__DATASET RECORDS__

++++++++

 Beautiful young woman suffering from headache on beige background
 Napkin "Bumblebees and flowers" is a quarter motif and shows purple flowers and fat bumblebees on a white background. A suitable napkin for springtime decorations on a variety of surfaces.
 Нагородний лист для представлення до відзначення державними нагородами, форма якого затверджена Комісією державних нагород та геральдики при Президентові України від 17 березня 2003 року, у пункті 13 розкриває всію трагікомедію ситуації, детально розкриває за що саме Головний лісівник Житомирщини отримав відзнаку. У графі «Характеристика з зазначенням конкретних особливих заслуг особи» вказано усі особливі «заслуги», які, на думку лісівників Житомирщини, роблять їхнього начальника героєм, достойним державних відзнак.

++++++++

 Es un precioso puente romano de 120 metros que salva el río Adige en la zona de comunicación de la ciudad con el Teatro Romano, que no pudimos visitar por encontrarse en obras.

++++++++

__WORK TASK__
Please copy out each line of the listing above that contains the string "background".

__OUTPUT OF THE EXERCISE__
 Beautiful young woman suffering from headache on beige background
 Napkin "Bumblebees and flowers" is a quarter motif and shows purple flowers and fat bumblebees on a white background. A suitable napkin for springtime decorations on a variety of surfaces.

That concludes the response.